Lampaui Target Awal, Kabupaten Bolmut Raih Kategori Madya KLA Tahun 2022

oleh -91 Dilihat
Malam penganugerahan apresiasi Kabupaten/Kota Layak Anak (KLA) Tahun 2022, yang diselenggarakan oleh Kementerian Pemberdayaan Perempuan dan Perlindungan Perempuan Republik Indonesia (Kemen PPPA RI) melalui virtual. Jumat , (22/7/2022) malam.

ASUMSI.ID, BolmutKabupaten Bolaang Mongondow Utara (Bolmut) meraih Kategori Madya dalam penilaian Kabupaten/Kota Layak Anak (KLA) Tahun 2022.

Pengumuman tersebut disampaikan pada malam penganugerahan apresiasi Kabupaten/Kota Layak Anak (KLA) Tahun 2022, yang diselenggarakan oleh Kementerian Pemberdayaan Perempuan dan Perlindungan Perempuan Republik Indonesia (Kemen PPPA RI) melalui virtual. Jumat Malam (22/7/2022).

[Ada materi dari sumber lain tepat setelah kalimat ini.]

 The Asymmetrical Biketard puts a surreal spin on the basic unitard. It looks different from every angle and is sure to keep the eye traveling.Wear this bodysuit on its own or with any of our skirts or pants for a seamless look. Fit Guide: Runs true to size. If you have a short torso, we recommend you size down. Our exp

Kepala Dinas Pengendalian Penduduk, Keluarga Berencana Pemberdayaan Perempuan dan Perlindungan Anak (PPKBP3A) Kabupaten Bolmut Yani Lasama mengatakan, penghargaan itu karena daerah dinilai memiliki komitmen tinggi memenuhi hak dan perlindungan anak.

“Alhamdulillah. Pemkab Bolmut meraih penghargaan KLA Kategori Madya. KLA merupakan sistem pembangunan berbasis yang dilakukan melalui pengintegrasian komitmen dan sumber daya pemerintah, masyarakat, media dan dunia usaha,” kata Kadis PPKBP3A Bolmut.

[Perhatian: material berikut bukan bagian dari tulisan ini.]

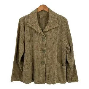 FOCUS Moss Green Waffle Textured Cotton Casual Jacket Size Large Lagenlook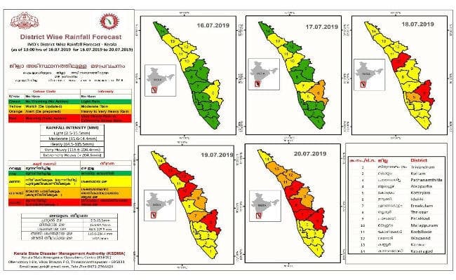 इडुक्की, मलप्पुरम, वायनाड, कन्नूर, एर्नाकुलम और त्रिशूर जिलों में 18-20 जुलाई के दौरान बेहद भारी वर्षा होने की संभावना है. भारतीय मौसम विभाग (आईएमडी) के एक बुलेटिन के अनुसार 24 घंटे में 204 मिलीमीटर से अधिक वर्षा होने का अनुमान है.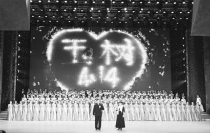 昨晚的《情系玉樹,大愛(ài)無(wú)疆——抗震救災(zāi)募捐活動(dòng)特別節(jié)目》賑災(zāi)晚會(huì),以新聞事件為主線,串起文藝演出和募捐活動(dòng)。晚會(huì)按照時(shí)間的順序,穿插回放地震發(fā)生后的救援大事記,救援中的感人故事以及來(lái)自震區(qū)的報(bào)道,均出現(xiàn)在募捐現(xiàn)場(chǎng)。晚會(huì)一開(kāi)始,在主持人白巖松的呼吁下,現(xiàn)場(chǎng)全體人士集體默哀三分鐘,隨后由百余位文體、曲藝界明星演唱了《我們眾志成城》,王菲、那英等明星領(lǐng)唱。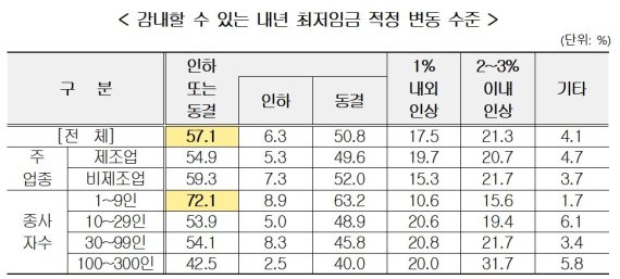조사 보고서에 따르면 중소기업의 57.1%는 내년 최저임금을 동결(50.8%)하거나 인하(6.3%)해야 한다고 응답했다. 특히 10인 미만 기업에서 최소한 동결해야 한다는 응답은 72.1%에 달했다.

“Untuk pertama kalinya Bolmut meraih penghargaan KLA kategori Madya dari Kemen PPPA RI yang diumumkan secara virtual pada 22 Juli 2022. Target awal hanya pada kategori dasar / pratama,” ungkap Yani Lasama.

Hal ini, sebagai wujud komitmen Pemkab Bolmut dan semua stackholder terkait serta masyarakat sehingga menjadikan Kabupaten Bolmut menjadi Kabupaten Layak Anak.

“Berkat kerja sama semua pihak, Alhamdulillah bisa pada pencapaian kategori madya. Prestasi ini di dapat berkat komitmen yang tinggi dari Pimpinan daerah, dukungan mitra kerja dan stakeholder serta media dan dunia usaha di Kabupaten Bolmut,” ujarnya.

Yani Lasama berharap, penghargaan ini makin memotivasi Pemkab Bolmut bersama seluruh elemen yang ada dalam upaya menguatkan perlindungan dan pemenuhan terhadap hak-hak anak di daerah.

“Prestasi ini menjadi motivasi bagi kami daerah untuk dapat meraih kategori Nidya pada tahun akan datang,” imbuhnya.

Perlu diketahui, Indikator pemenuhan hak anak dan perlindungan anak tercermin dalam lima klaster yaitu hak sipil dan kebebasan, lingkungan keluarga dan pengasuhan alternatif, kesehatan dasar dan kesejahteraan, pendidikan, pemanfaatan waktu luang dan kegiatan budaya serta perlindungan khusus bagi anak. (Dr)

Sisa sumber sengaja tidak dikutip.